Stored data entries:
=== Begin Enclosure ===

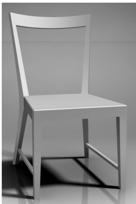
konkursa nominācijai Galdnieks

materiāls: cieto lapu koku masīvkoksne zāģētās sagatavēs ar ~3mm virsmēru uz katru pusi, process – nemehanizētie rokas instrumenti un āra ēvelsols ; šabloni formu aizzīmēšanai un kontrolei;
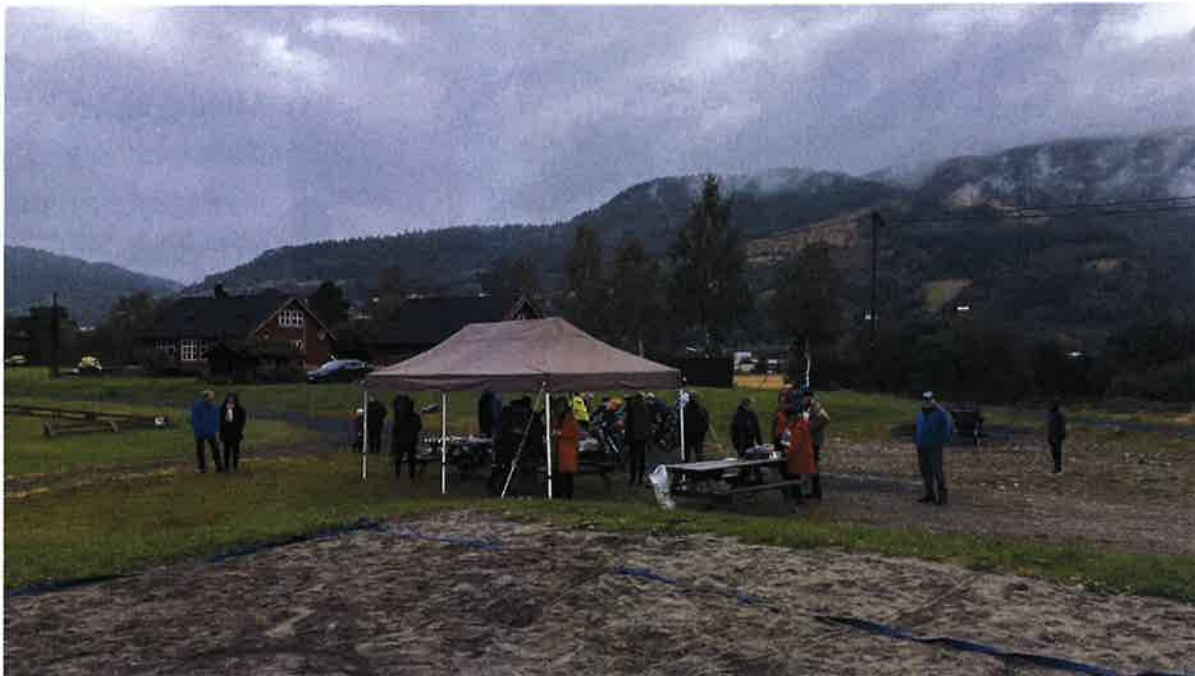
Sponsorløp og misjonsfest

I løpet av 2021 har vi heldigvis kunnet gjennomføre en del av våre tiltak til tross for pandemien. Vi gleder oss til en normal hverdag, der diakonien og frivilligheten berører mange mennesker og samler enda flere til fellesskap.
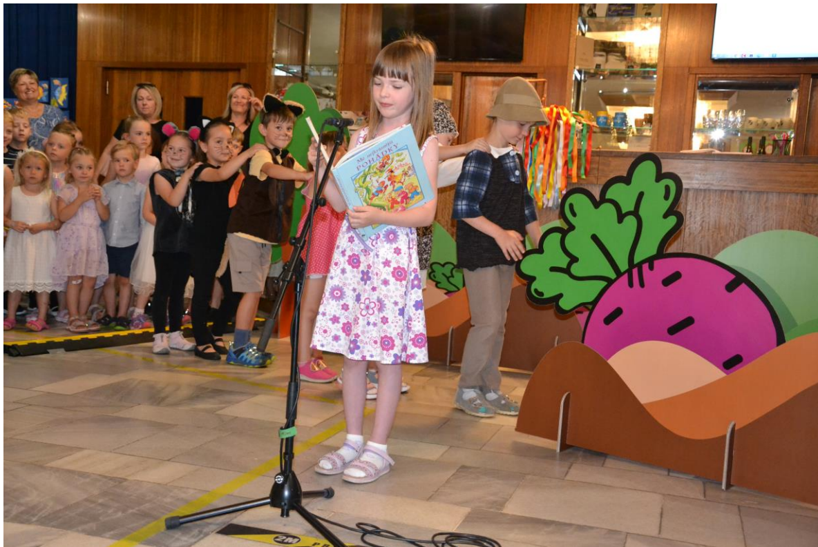
Slavnostní vernisáž 10.6.2024 k otevření výstavy „Se školkou do světa pohádek“
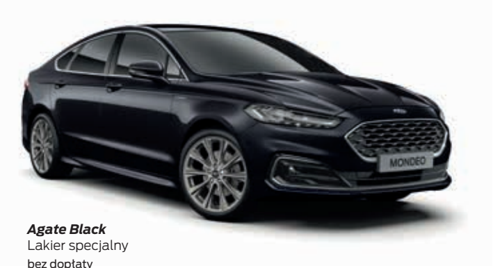
Agate Black Lakier specjalny bez dopłaty

• wyposażenie standardowe wyposażenie dostępne tylko w pakiecie lub z inną opcją
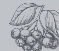
ARONIABEEREN ARONIA BERRIES
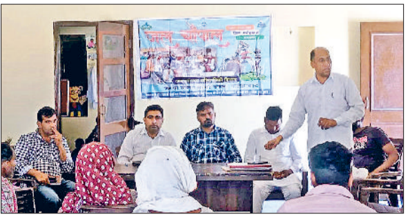
फतेहाबाद। फतेहाबाद। जल चौपाल कार्यक्रम के तहत ग्राम पंचायत खान मोहम्मद की ग्राम सभा में उपस्थित अधिकारी।

बताया कि जल जीवन मिशन के तहत जिले की सभी ग्राम पंचायतों में ग्राम पंचायतों में स्वच्छ जल मुहैया करवाया जाएगा। इसके साथ ही पीने के पानी से संबंधित जो भी समस्याएं हैं उन सभी समस्याओं को
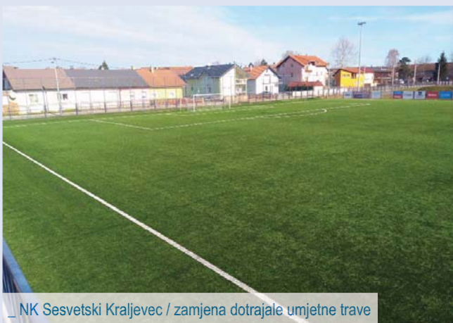
_ NK Sesevski Kraljevec / zamjena dotrajale umjetne trave
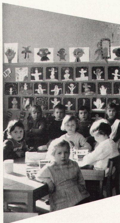
Mobiliar für Kindergärten

mit der 10-Jahres-Garantie für dauerhaften Schreibbelag und den Vorteilen: Angenehmes, weiches, blendungsfreies Schreiben und Zeichnen auf graugrün und schattenschwarzen, magnethaftenden und kratzfesten Flächen, die leicht zu reinigen sind.
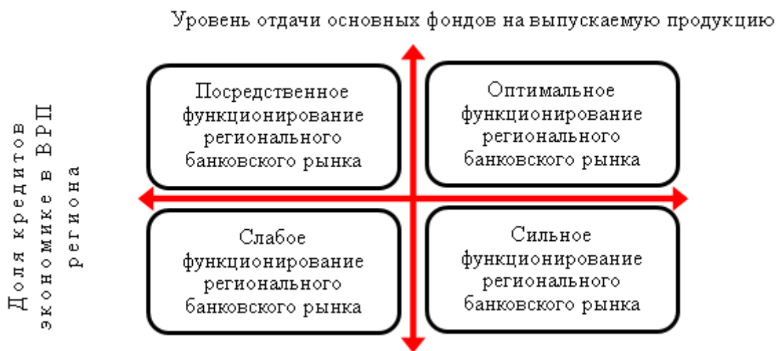
Рисунок – 1 Двухкритериальная матричная модель по определению привлекательности регионального банковского рынка в корпоративном сегменте среди регионов России [составлено авторами]

модель, внутри которой образуются четыре ячейки, области, как показано на рисунке 1, который отражает уровень отдачи основных фондов на выпускаемую продукцию. Как можно заметить из рисунка 1 каждой зоне дано название.
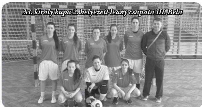
XI. király kupa 2. helyezett leány csapata III. Béla

A városi sportcsarnokba kilátogató közönség nagy csa-
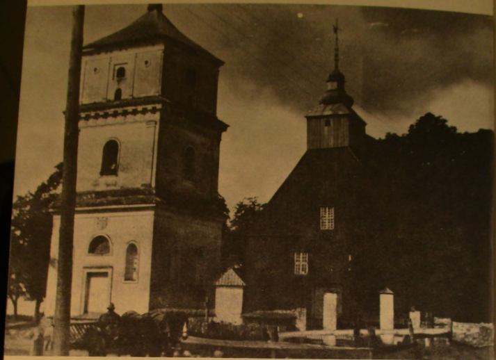
Senoji bažnyčia ir varpinė

vėjas pakildavo, bažnyčia tikrai imdavo braškėti, ir žmonės išsigandę bėgdavo iš jos laukan.
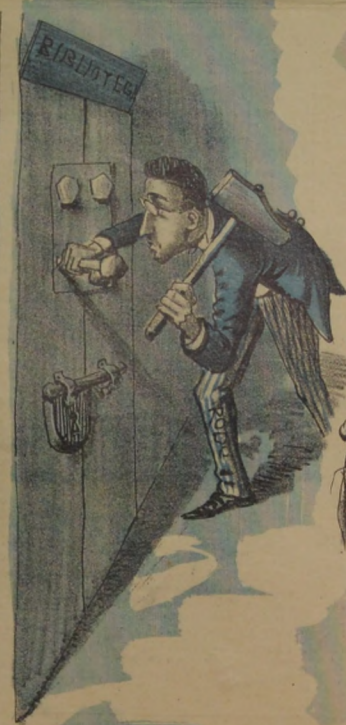
La puerta á Mas - garó Fué amarrada por Rodó
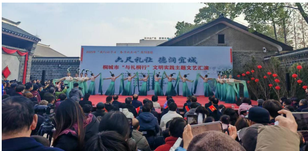
图 1-4-2 组织学生前往六尺巷参加主题文艺汇演

桐城中华职业学校是传承桐城国家级非遗项目《桐城歌》的定点学校，大型歌舞表演《桐城歌》成了每年元旦晚会的保留节目；依托专业优势，学校文艺社团活动开展异彩纷呈，黄梅戏经典作品从学校不断走向社区、走向乡村；开展参观学习、演讲比赛等活动，依托“六尺巷”文化，学校成立了心理咨询和矛盾调解组织，倡导宽容礼让，构建和谐校园。
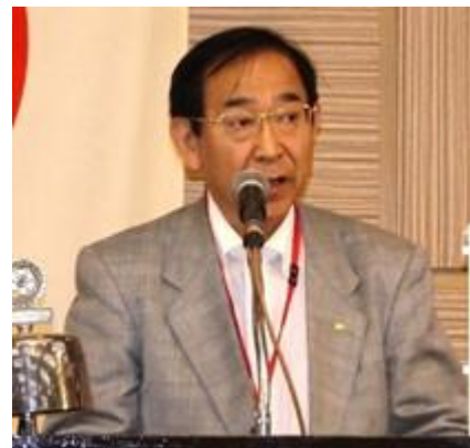
(*^_^*)2017~2018年度地区研究協議会参加者による報告会(*^_^*)
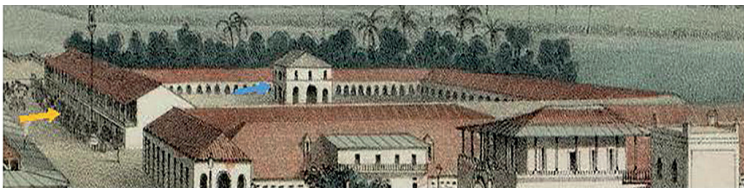
Figura 1 - Detalhe do barracão do engenho Flor de Cuba, com a seta amarela indicando a parte da frente do barracão, no piso inferior, e a seta azul, a cozinha
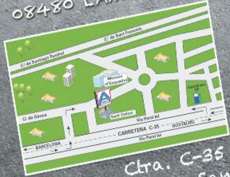
Ctra. C-35 cant. c/ Girona 08470 Sant Celoni
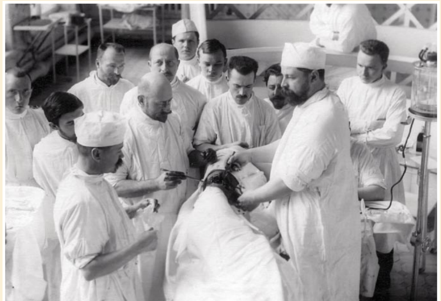
Рис. 4. Опирирует профессор С.П. Федоров.

Трудные годы пришлось пережить в период Великой октябрьской революции. Сергей Петрович отказался от предложения переехать по приглашению брата за границу. Приняв решение остаться в России кризисного периода, профессор показал свое стремление развивать отечественную хирургию и стремление служить народу. Но в связи с заграничной перепиской был дважды арестован в первые годы революции, находился в предварительном заключении во время следствия. В освобождении Федорова С.П. сыграло роль ходатайство правления Русского хирургического общества Н.И. Пи-
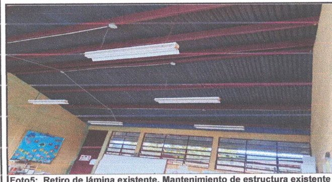
Foto5: Retiro de lámina existente, Mantenimiento de estructura existente (limpieza, lijado y pintura anticorrosiva), instalación de lámina troquelada aluzinc cal. 26 y mantenimiento de puertas.
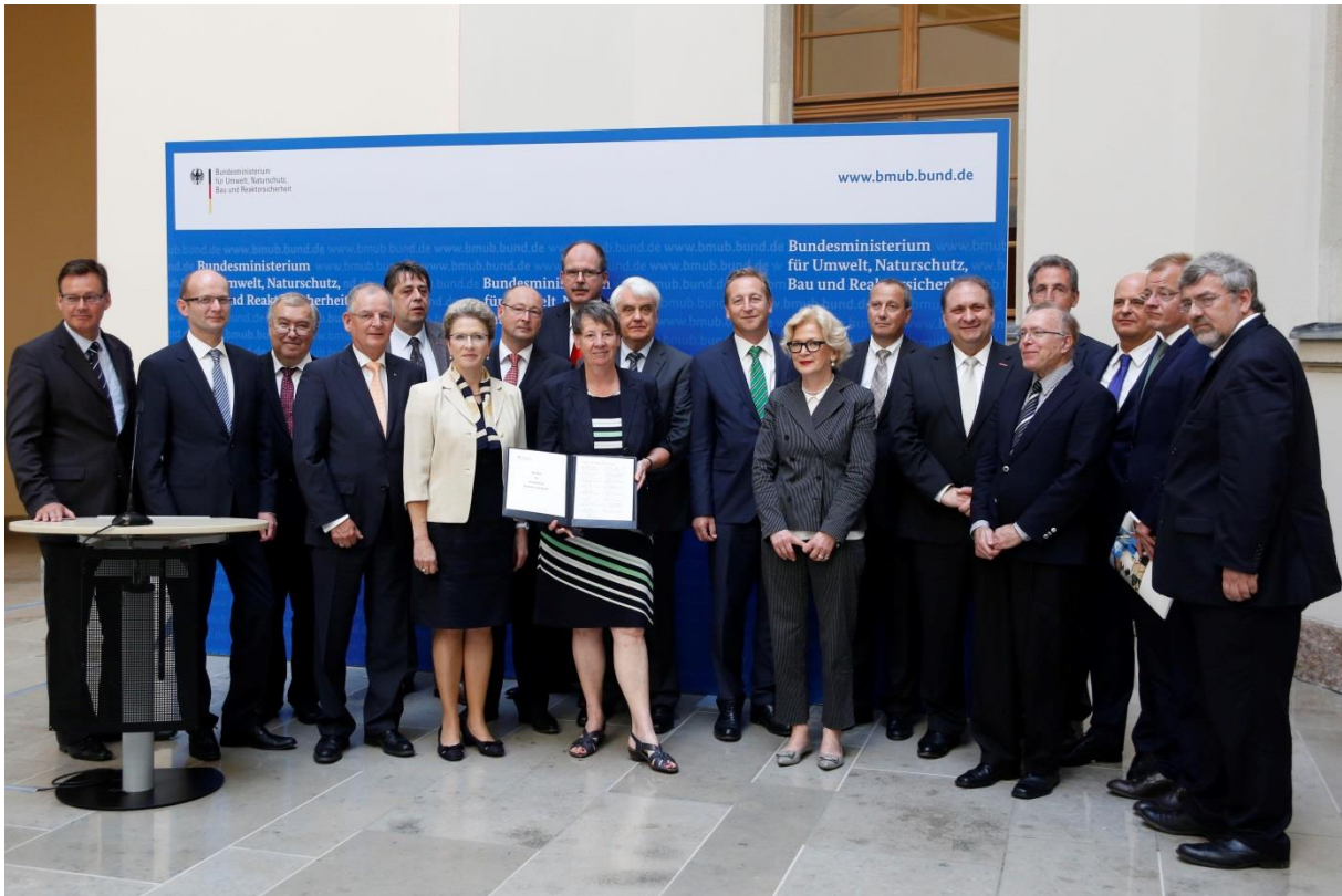
Abbildung 1: Bundesbauministerin Dr. Barbara Hendricks mit den Repräsentanten des Bündnisses für bezahlbares Wohnen und Bauen nach Unterzeichnung der gemeinsamen Erklärung im Rahmen der Auftaktveranstaltung am 10. Juli 2014.

Länder finanziell bis Ende 2019 über die so genannten Kompensationsmittel und verstärkt sein Engagement in den kommenden Jahren: 2016 bis 2019 steigen die jährlichen Kompensationsmittel um jeweils 500 Millionen Euro auf dann insgesamt 4 Milliarden Euro.

=== End Enclosure ===

**The task**
Nothing but the lines above from the line with "vėjas pakildavo, bažnyčia" up to and including the line with "图 1-4-2 组织学生前往六尺巷参加主题文艺汇演" should be returned, exactly as written and without pictures.

**Task solution**
vėjas pakildavo, bažnyčia tikrai imdavo braškėti, ir žmonės išsigandę bėgdavo iš jos laukan.
La puerta á Mas - garó Fué amarrada por Rodó
图 1-4-2 组织学生前往六尺巷参加主题文艺汇演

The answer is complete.